#### Directions for this task
The output must consist only of the lines from the one with "元は房総特急として使用された" through the end of the listing, restated exactly and free of pictures.

#### Provided material
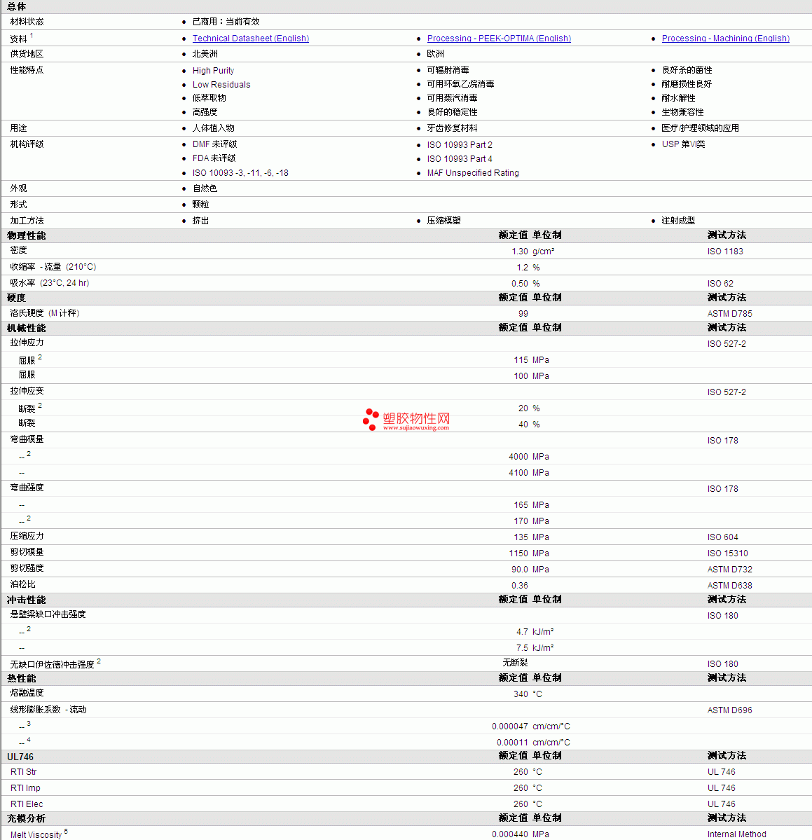 PEEK-OPTIMA LT1物性表详细情况如图
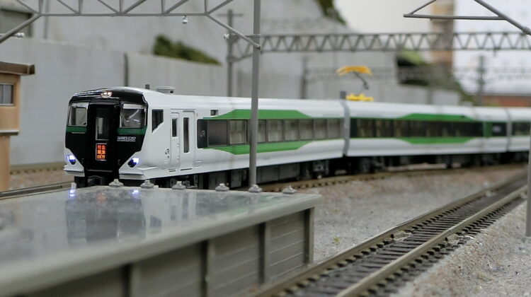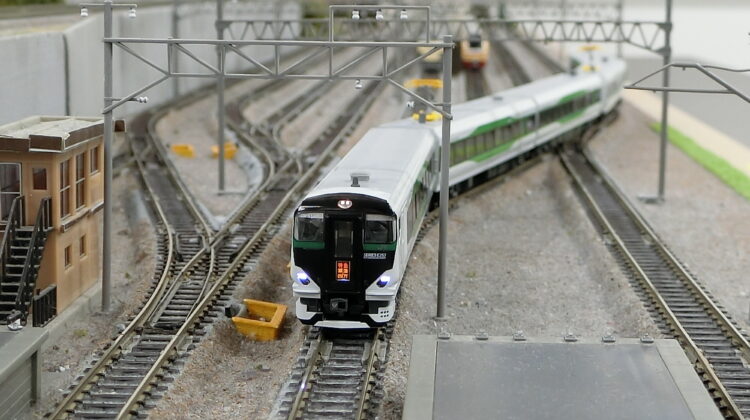 元は房総特急として使用されたE257系500番台です。房総特急やE259系N’EXの運用縮小により、高崎線特急の651系の置き換えと波動用に転用されました。JR東らしくグリーンが窓枠に塗られていますが、よく見ると細いストライプが入っており爽やかな印象を持ちます。グリーンストライプというと185系を連想する世代ですが(笑)、車両としては新しくないが…新しいグリーンストライプ車として活躍が期待できます。
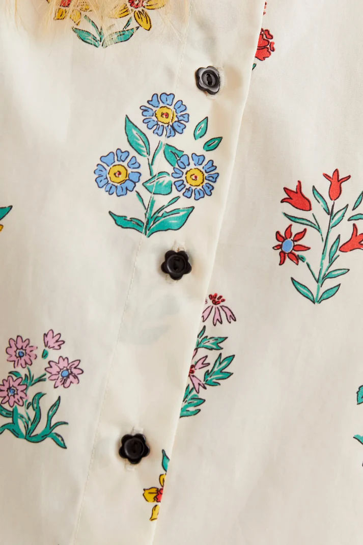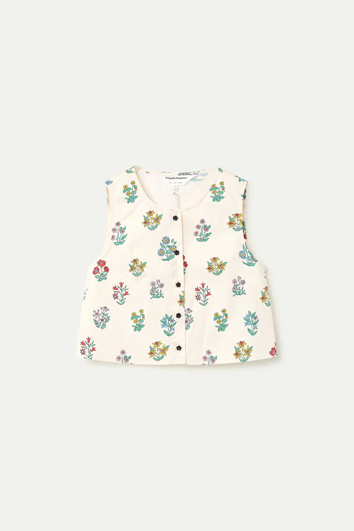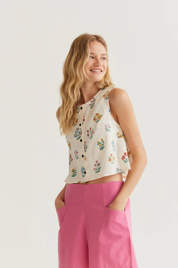 Top de tejido 100% algodón con estampado gardener. Cuello redondo y sin mangas. Cierre frontal con botones decorativos en forma de flor. La modelo mide 177 cm y lleva la talla S.

#### Response
 元は房総特急として使用されたE257系500番台です。房総特急やE259系N’EXの運用縮小により、高崎線特急の651系の置き換えと波動用に転用されました。JR東らしくグリーンが窓枠に塗られていますが、よく見ると細いストライプが入っており爽やかな印象を持ちます。グリーンストライプというと185系を連想する世代ですが(笑)、車両としては新しくないが…新しいグリーンストライプ車として活躍が期待できます。
 Top de tejido 100% algodón con estampado gardener. Cuello redondo y sin mangas. Cierre frontal con botones decorativos en forma de flor. La modelo mide 177 cm y lleva la talla S.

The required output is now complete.